Wednesday, May 1, 2013

Property Rights- A 2-Way Street

Anyone who has ever heard me speak publicly knows that among my many underlying beliefs is a fairly obvious one about 100-year old structures.  Simply put, while we may disagree on what to do them or how to regulate them, the one thing we should all be able to agree upon is that they are not making any more of them.  

Earlier this week I trotted that phrase out in a study session, where a city was evaluating the wisdom of taking the first tentative steps down the road that could lead to the identification and yes, designation, of some its earliest buildings as “historic.”  This being Oregon, where private property rights are held in high regard, several participants voiced concern about maintaining an owner’s ability to do what they want with their property and not encumbering anyone with a bunch of regulation or "telling" them what to do.

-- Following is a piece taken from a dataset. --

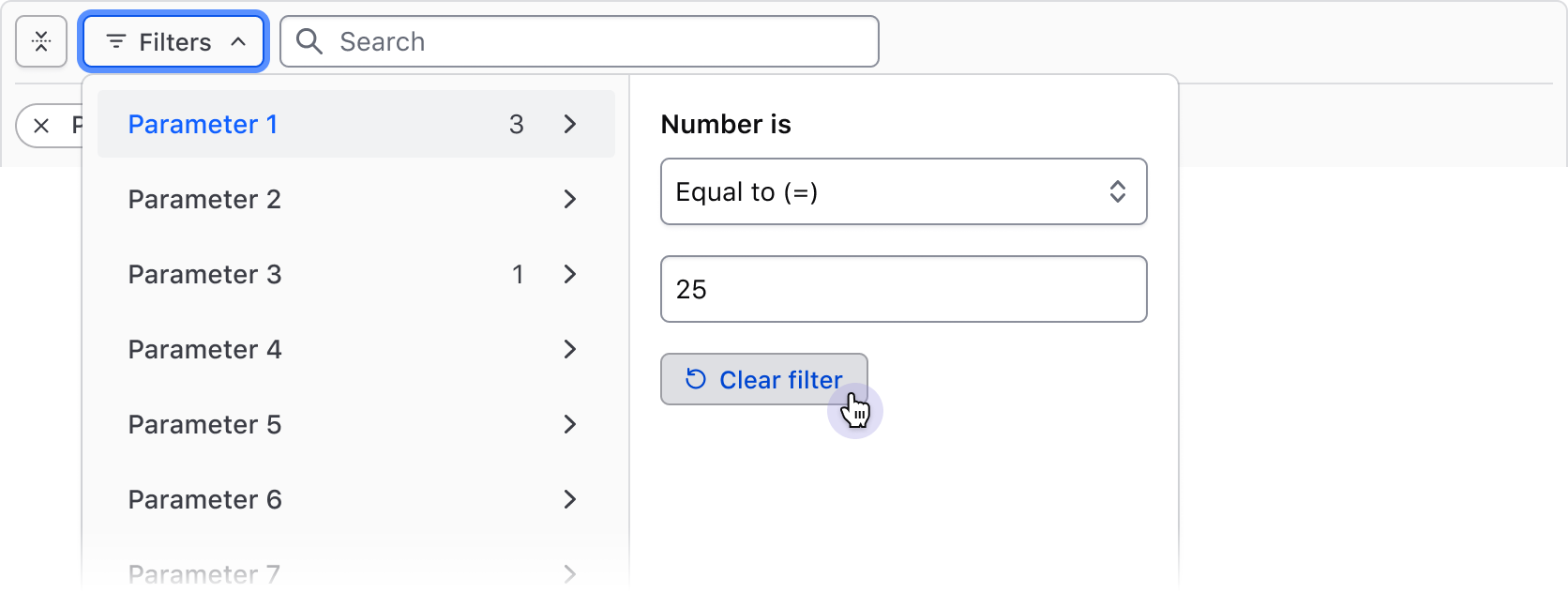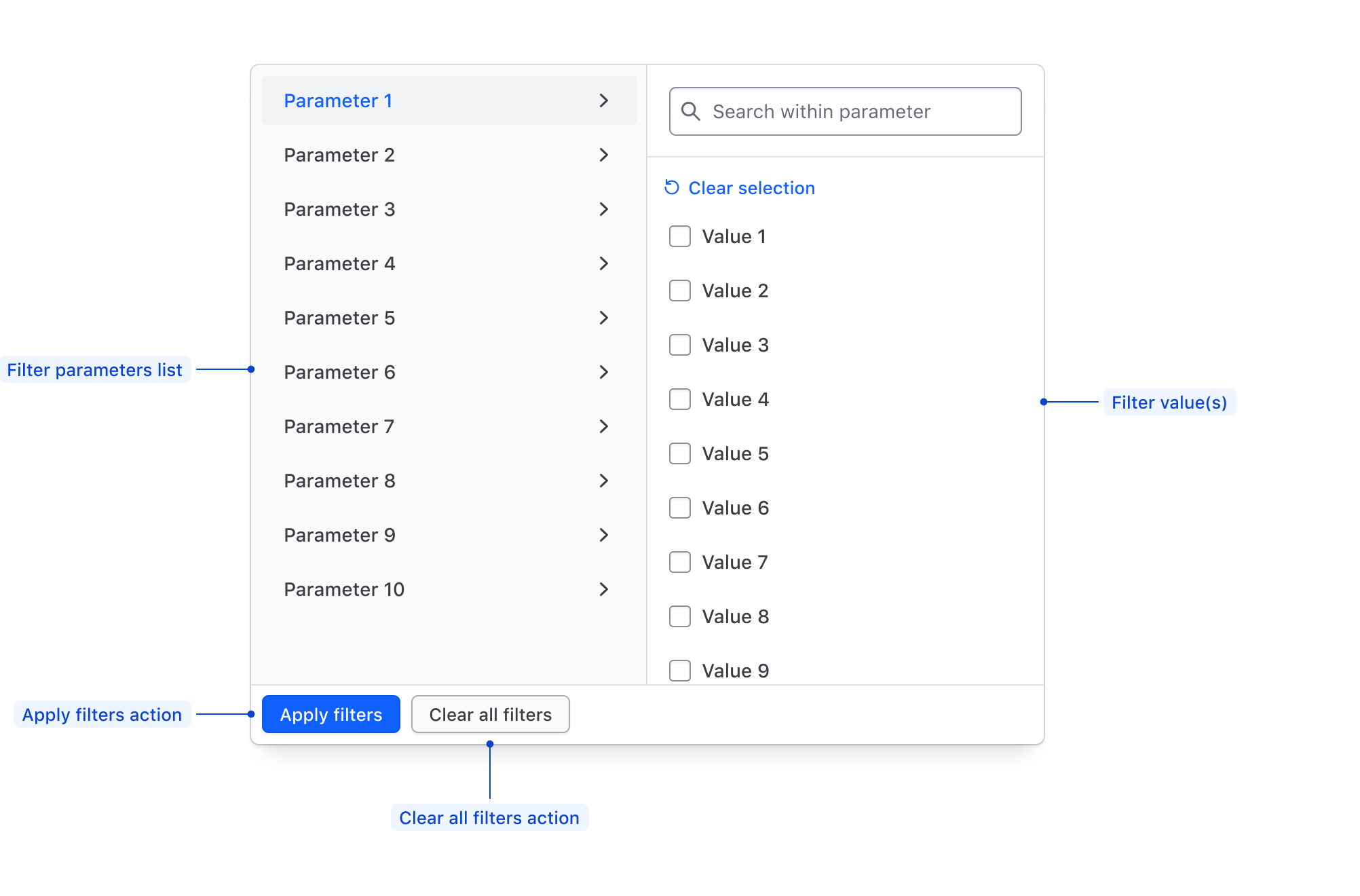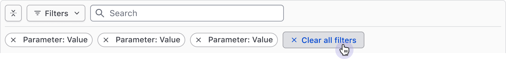 Clear all filters action Required; Clears the selection of filters across all parameters.

I think property rights are a two-way street.  Sure, an owner should have some ability to use their property as they see fit, unfettered by burdensome regulation.  Everyone gets that, if only because millions of dollars are spent by real estate and property rights advocates to make sure that we, and our legislators, do.  The other side of the property rights street, however, rarely gets any press.  That side is that every property owner should have the assurance that their NEIGHBORS have some requirement to use their property in a sane and responsible manner.  Put another way, nobody ever wants “the gummit” telling them what to do, but nearly everyone, at least anyone living in an urban context, relies upon the government to corral their crazy neighbors and get the junker cars off the front lawn, tone down the wild parties, reduce the scale of the mammoth sun-blocking addition, or re-paint in something (anything!) other than that awful (fill in the bright color scheme of your choice). 

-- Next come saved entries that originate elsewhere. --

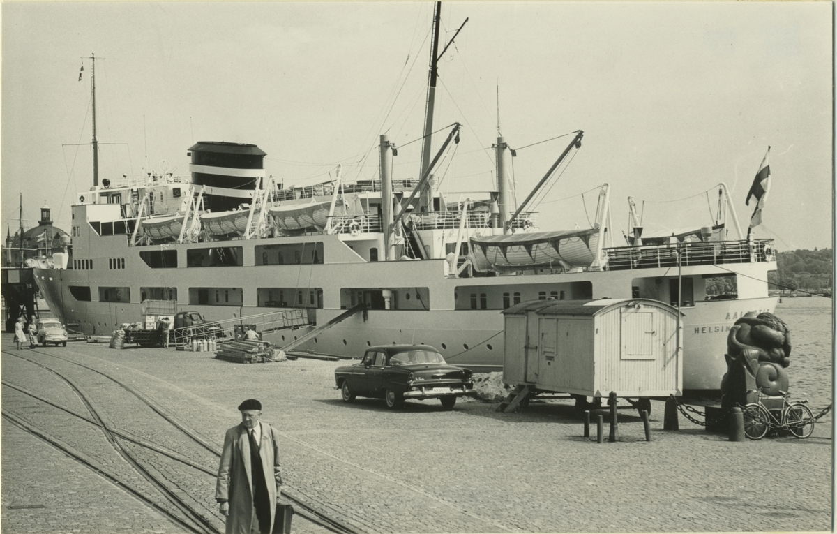 Foto från 1959 visande passagerarångfartyg "Aallotar" av Helsingfors vid kaj skeppsbron, Stockholm.
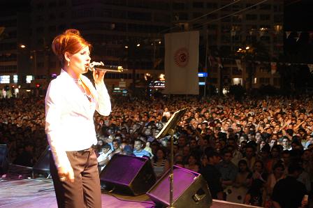 TBMM'nin açılışının 85. yıldönümü ve Milli Egemenlik Yılı kapsamında düzenlenen ''Milli Egemenlik Halk Konseri''nin 7'ncisi İzmir'de yapıldı. Cumhuriyet Meydanı'ndaki konserde ses sanatçıları Muazzez Ersoy, Alişan ve Funda Arar sahne aldı. Yaklaşık 3 buçuk saat süren konser sırasında havai fişek gösterileri de yapıldı.
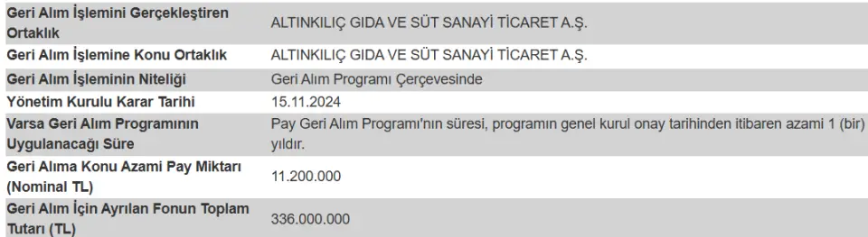 Altınkılıç Gıda ALKLC borsada değer kaybeden hissesine destek amacıyla geçtiğimiz yıl bir pay geri alım programı başlattı. Program için 336 milyon Liralık bir bütçe ayrıldı ve borsadan 11.200.000 lot hissenin geri alınması planlandı.
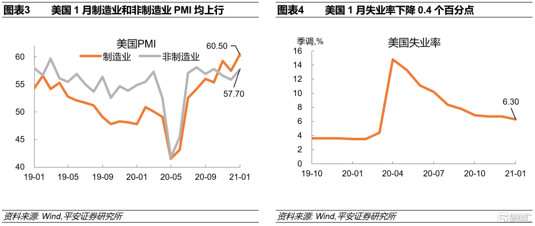 为何“拜登交易”延续至今?2020年美国大选结果的不确定性持续时间长、直至2021年1月才基本解除,使拜登交易行情更加滞后。但更重要的是,本轮“拜登交易”除了交易“确定性”,还有一系列更为具体的乐观预期值得市场进行“交易”:1)交易美国经济切实走向复苏的预期。近期公布的美国经济数据不乏亮点,生产较强恢复、就业温和反弹、疫情防控成效初显,美国经济复苏形势整体向好。2)交易拜登财政计划推行更顺利的预期。拜登政府全力推动1.9万亿刺激计划落地,包括使用每年只能使用一次的“预算调整”工具。2月5日参众两院通过了最终的预算决议,拜登计划落地预期增强。3)交易美国制造业与供应链修复的预期。近期拜登“Buy American”计划,以及发动全球供应链审查等举措,在美国中长期制造业与贸易发展上,或给予市场更多信心。4)交易中美与国际关系“正常化”的预期。近期拜登政府在中美关系上提到“耐心”、“一个中国”、“合作”等,同时表现出积极参与国际合作、团结盟友的热情,未来一个整体上趋于稳定的国际形势是可以期待的。
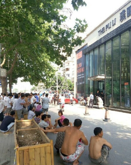 7月30日早上,鄭州黃河路與經(jīng)二路口,一百多名農(nóng)民工圍在璞麗中心售樓部門前討薪。據(jù)了解,這些民工大多來自河南,還有陜西、四川、云南等地。他們說,從春節(jié)后到現(xiàn)在的半年時(shí)間里,沒有發(fā)過工資?,F(xiàn)在工地已經(jīng)停工20多天。
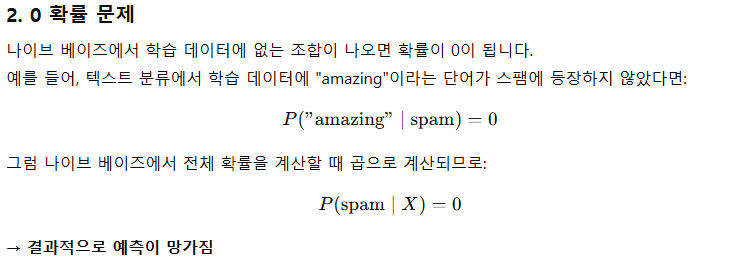 - 0 확률 문제(특정 클래스에 특정 특성이 없을 경우) 발생 가능 → 가법 평활화 필요
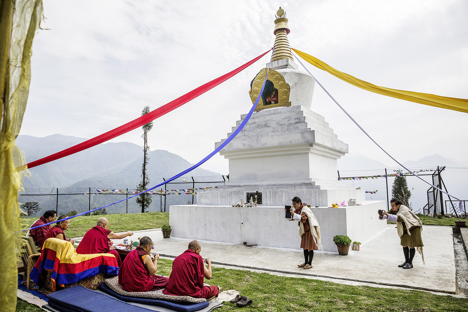 - Учащиеся 5-го класса частной школы Тхимпху молятся перед едой в кафе Музея народного наследия, куда их привели на экскурсию. Несмотря на то что государственные школы в Бутане до 10-го класса бесплатны, многие госслужащие и бизнесмены предпочитают записывать своих детей в частные школы.
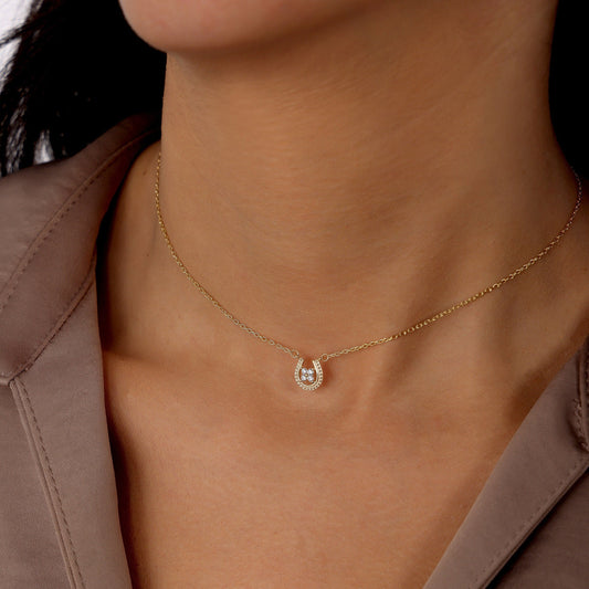 0.10 TCW Round Moissanite Tiny Horseshoe Necklace
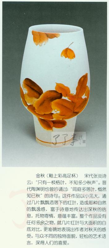 陶瓷艺术欣赏 《金秋》釉上彩高足杯 作者:张亚林
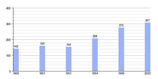 | Gráfica de evolución demográfica de Courcelles-sur-Viosne entre 1800 y 2022 |
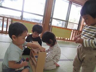 今日は身体測定の後、お部屋でパズルやカースロープで遊びました。車が大好きな子たちは集まって始終順番にカースロープで玉や車の玩具を転がして楽しんでいました。パズル遊びでは、絵合わせのパズルやはらぺこあおむしのパズルなどがありましたが、同年代の子と協力して完成させたり、パズルを積み上げて楽しむ子もいました。高くパズルを積み上げて「みてみて~」と見せてくれました。

We all, especially we that call ourselves preservationists, need to understand that historic designation is just a tool, not an end.  I happen to think it’s an important tool, and I hope you and others agree.  But knowing the history and comparative value associated with a particular property does not, and in general should not, mandate its survival by definition.  Not all historic properties, no matter how significant, are capable of being restored to begin with, or even should be restored.  Cities, communities, have other values (open space, habitat restoration, economic development, etc.) that very often, and very appropriately, outweigh historic values.  It is, ultimately, up to cities, communities, and yes, even property owners, to weigh each of those values fairly and with full understanding, so as to determine the best course.  Obviously that choice may not always be historic preservation, and that, sad it can be, is still entirely understandable.

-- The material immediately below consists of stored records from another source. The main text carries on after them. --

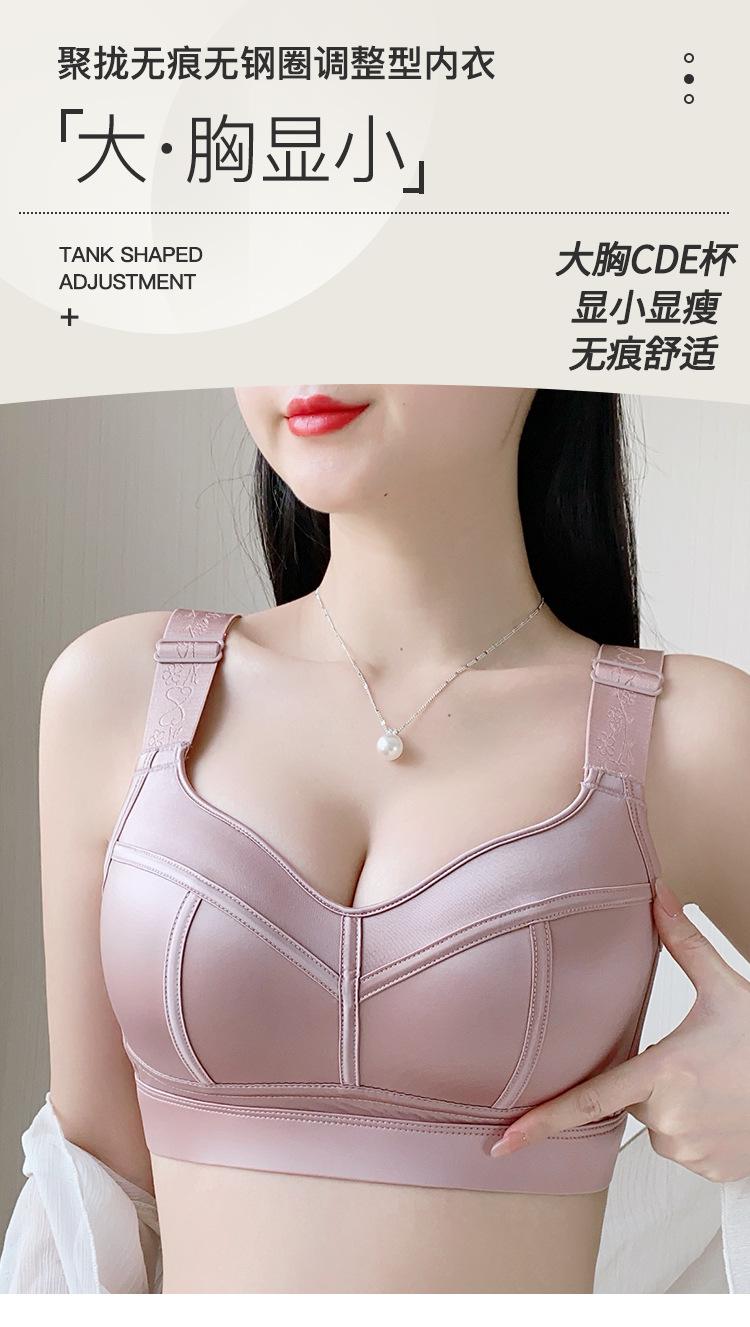 Ropa interior sin costuras de verano para mujer, fina, de pecho grande, pequeña, antiflacidez, talla grande, sujetador sin aro, sujetador para el pecho fruncido
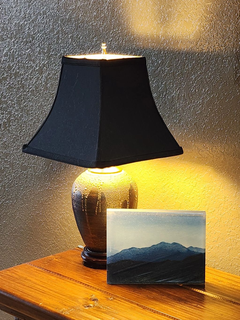 1" thick, weighing 3.7 lbs, 6"x8". Uses special techniques of enameling and depth of field by layering.
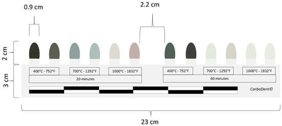 The structural, dimensional, and colorimetric changes in burnt human remains described in the literature [,,,] do not currently provide a reference associated with a reproducible color code. Therefore, the proposed new colorimetric scale for burnt human teeth (”carbodent”) will allow for visual assessment and interpretation using suitable color detection and analysis tools during the dental autopsy observation. It must be highlighted that teeth heated in different environments, such as in an oven, kiln, or open environment, as well as cooling aspect of the process, can exhibit varying types of discoloration []. Therefore, the proposed device is not intended to indicate a specific color after heating, but rather to facilitate the differentiation between ranges of heated teeth up to 400 °C or over 700 °C. Due to the potential variations in discoloration resulting from different heating conditions, a flexible interpretation of the data is always necessary.
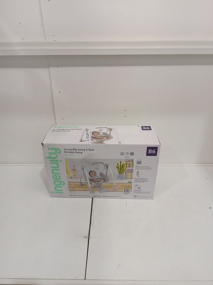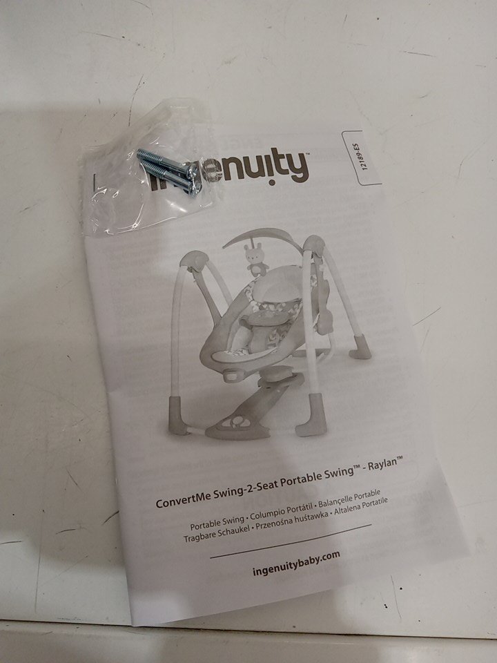 Ingenuity 2-in-1 convertme compact portable baby swing & seat with vibrations & nature sounds - battery powered - 20lbs max- raylan theme/grey (model: ‎12189)
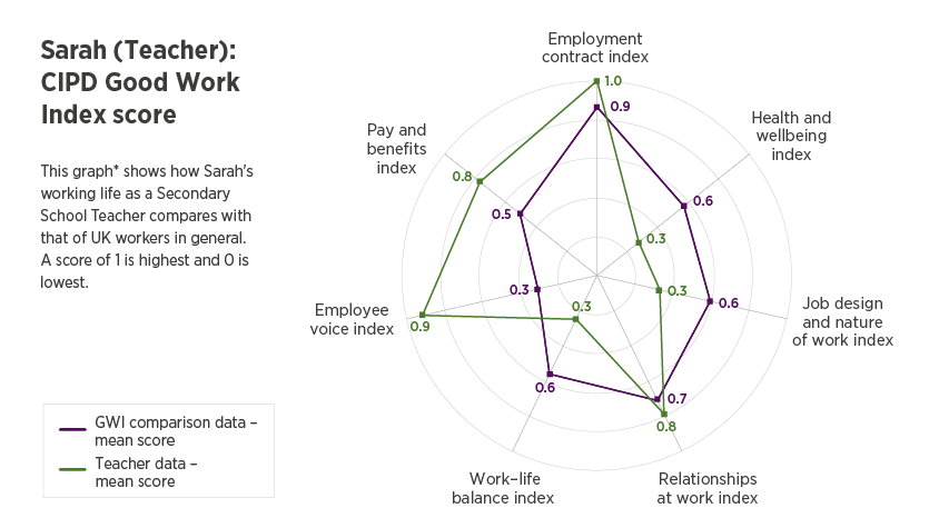 *This graph shows Sarah’s score alongside the UK mean (average) for the 7 dimensions of the CIPD Good Work Index

The thing is, you can’t weigh the value of historic significance, or the potential benefit of restoration, if you are unaware of history.  And you can’t or shouldn’t relegate historic values to some second tier “it’s nice to do if nothing else is available” approach, especially if you are leaving that decision up to the property owner. All too often, in our transitory culture where people move on the average of every few years, a community’s most prized possessions can be placed in the hands of individuals or entities that have little understanding, or connection, to its history or culture.  Do you really want McDonald's deciding the future of important resources in your city?  And if you are opposed to McDonalds (or Chevron, or whomever) having that power, why on earth would you give that sole authority to Mr. & Mrs. Jones, or "Bill," that nice guy that works at the market?"  

Education, knowledge, is a good and essential thing.  Ask any decision-maker worth his or her salt.  Knowing, identifying, and understanding the history of a community, its context, allows us to fully appreciate the role that this or that property may play in creating its character.  And in some cases, regulation to protect key properties with high value to the community as a whole is and should be an important part of what a forward-thinking community does.  Some properties are simply too rare, too irreplaceable, and too important to the community’s character, to relegate their existence to the hands of the highest bidder, no matter whom they may be.

All cities live and die, both financially and qualitatively, by the investment they can encourage, both for new construction and restoration.  It is unrealistic to ask or expect somebody, anybody, to invest in their property while not providing them some assurance that if they do, their neighbor won’t put in a Pig Farm, or God-forbid, a strip mall (!) next door.  Neighbors and communities have property rights too.